Recorded information:

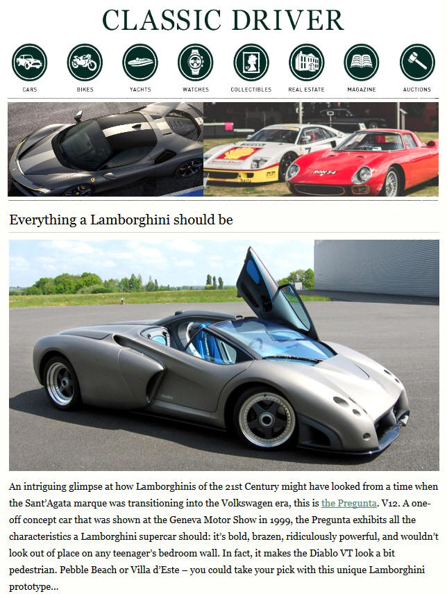 Online Magazine Classic Driver says the Pregunta is "all that a Lamborghini Supercar should be" !
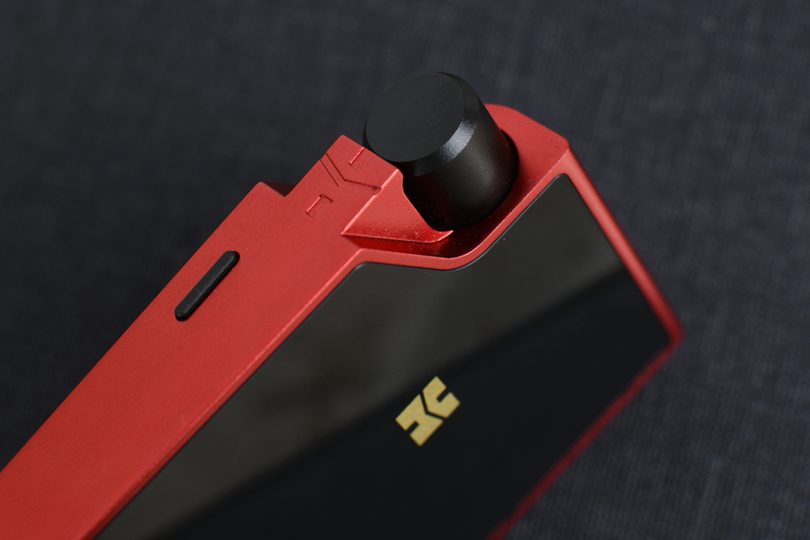 红衣太子音量调节键采用经典的旋钮式设计,在带来良好操作手感的同时,也赋予了播放器更多的灵动性,而黑色的旋钮键也与机身配色更加融洽。另外我们还注意到,红衣太子还将HIFIMAN的品牌logo设计在了按键的下方,也算是一个非常细节的设计亮点了。
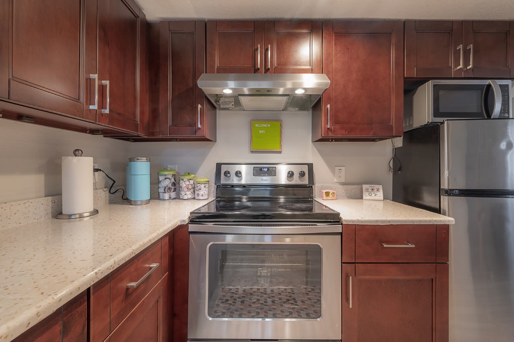Fullt møblerte utleiesteder har kjøkken og fasilitetene du trenger for å bo komfortabelt i en måned eller mer. Det er det perfekte alternativet til å leie et sted.

Your task: The output is the lines from the start of the data above through the line containing "红衣太子音量调节键采用经典的", unchanged, with any picture left out.

Result:
 Online Magazine Classic Driver says the Pregunta is "all that a Lamborghini Supercar should be" !
 红衣太子音量调节键采用经典的旋钮式设计,在带来良好操作手感的同时,也赋予了播放器更多的灵动性,而黑色的旋钮键也与机身配色更加融洽。另外我们还注意到,红衣太子还将HIFIMAN的品牌logo设计在了按键的下方,也算是一个非常细节的设计亮点了。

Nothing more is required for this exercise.